SBI Life has launched a term insurance policy called ‘eShield Next’ that offers a choice to customise the plan according to changing needs. The term plan gives the insured an option to increase the sum assured on attaining important milestones in life, like getting married, becoming a parent or buying a new house. Similarly, the policy gives an option to increase the sum assured in tune with rising inflation. Not only in terms of sum assured, but the policy also offers customisation while offering death benefits. Here are the details:
Level cover benefit
This is like a regular term plan where the sum assured remains fixed throughout the policy term.
Increasing cover benefit
As inflation goes up with time, insurance cover under this option also grows automatically. Here sum assured increases by 10% p.a. of the basic sum assured at the end of every 5th policy year, subject to a maximum increase of up to 100% of basic sum assured. Assume a person aged 35 years buys the policy with a basic cover of Rs 1 crore for a term of 30 years. If the death occurs in the 14th policy year, the sum assured payable on death would be Rs1.2 crore (Rs 1 crore + 2 increases of Rs 10 lakh each). However, this increase will not be applicable after attaining the age of 71 years. The premium is decided at the inception of the policy and it remains constant throughout the policy term.
Level cover with future proofing benefit
With changes in your life, it might not always be possible to buy a new additional insurance coverage each time. For example when you get married or have kids your liabilities increase for which you need to increase your sum insured as well. Thus, to ensure that your protection needs match with the changes in your responsibilities at important life stages, this option has been designed.
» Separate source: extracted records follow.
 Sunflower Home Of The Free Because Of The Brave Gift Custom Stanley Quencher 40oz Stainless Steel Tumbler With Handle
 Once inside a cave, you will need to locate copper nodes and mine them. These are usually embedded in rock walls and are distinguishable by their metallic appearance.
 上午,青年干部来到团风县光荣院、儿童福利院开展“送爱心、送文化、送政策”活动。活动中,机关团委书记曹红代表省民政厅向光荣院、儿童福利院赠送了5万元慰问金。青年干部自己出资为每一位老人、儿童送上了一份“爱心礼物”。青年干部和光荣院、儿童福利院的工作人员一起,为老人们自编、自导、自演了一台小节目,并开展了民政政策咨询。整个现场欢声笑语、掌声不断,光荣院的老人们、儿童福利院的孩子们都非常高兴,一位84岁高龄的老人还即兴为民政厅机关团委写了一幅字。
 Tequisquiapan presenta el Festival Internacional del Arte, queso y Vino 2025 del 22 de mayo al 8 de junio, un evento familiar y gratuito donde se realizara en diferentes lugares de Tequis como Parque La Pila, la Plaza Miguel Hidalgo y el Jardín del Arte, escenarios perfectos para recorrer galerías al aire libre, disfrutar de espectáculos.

One of the biggest advantages is that without further medical underwriting one get an enhanced sum assured. For example, consider a 30-year-old buy this option for a policy term of 20 years with a basic sum assured of Rs 1 crore. Now if the person gets married after 2 years, he can opt for a higher sum assured in tune with rising responsibilities. After making a request for an increase in sum assured and acceptance of the request, the sum assured will be increased by 50% to Rs 1.5 crore. Similarly after having a kid sum assured can be requested to be increased Rs1.75 crore.
Not only in terms of sum assured, but the policy also offers customisation while offering death benefits. One can either choose to get a lump sum amount or in instalments payable every year for a period of 5 months. There is also an option to get both lump sum and a monthly option where 50% of the death benefit will be payable as lumpsum and 50% of the death benefit will be payable as monthly instalments for the period of 5 years.
Better half benefit
Under this option, if the life assured dies within the policy term then the spouse gets automatically insured for the rest of the policy term. The sum assured would be a level cover, irrespective of the plan option chosen by the life assured. Moreover, the cover on the life of the spouse starts from the date of death of the life assured.
The option gives an additional advantage like on the death of the spouse or on the diagnosis of terminal illness, before the maturity date, the policy pays a lumpsum benefit of Rs 25 lakh irrespective of the death benefit payment mode opted by the life assured under the plan. No future premiums are payable under the policy, after the death of the life assured.
For a 30-year-old non-smoker male, the level cover of Rs 1 crore is available at Rs 11,595. For increasing cover benefit the premium rate will be Rs 13964 and for level cover with future proofing benefit the premium rate is Rs 11595. You can choose and customise your cover depending on your requirements.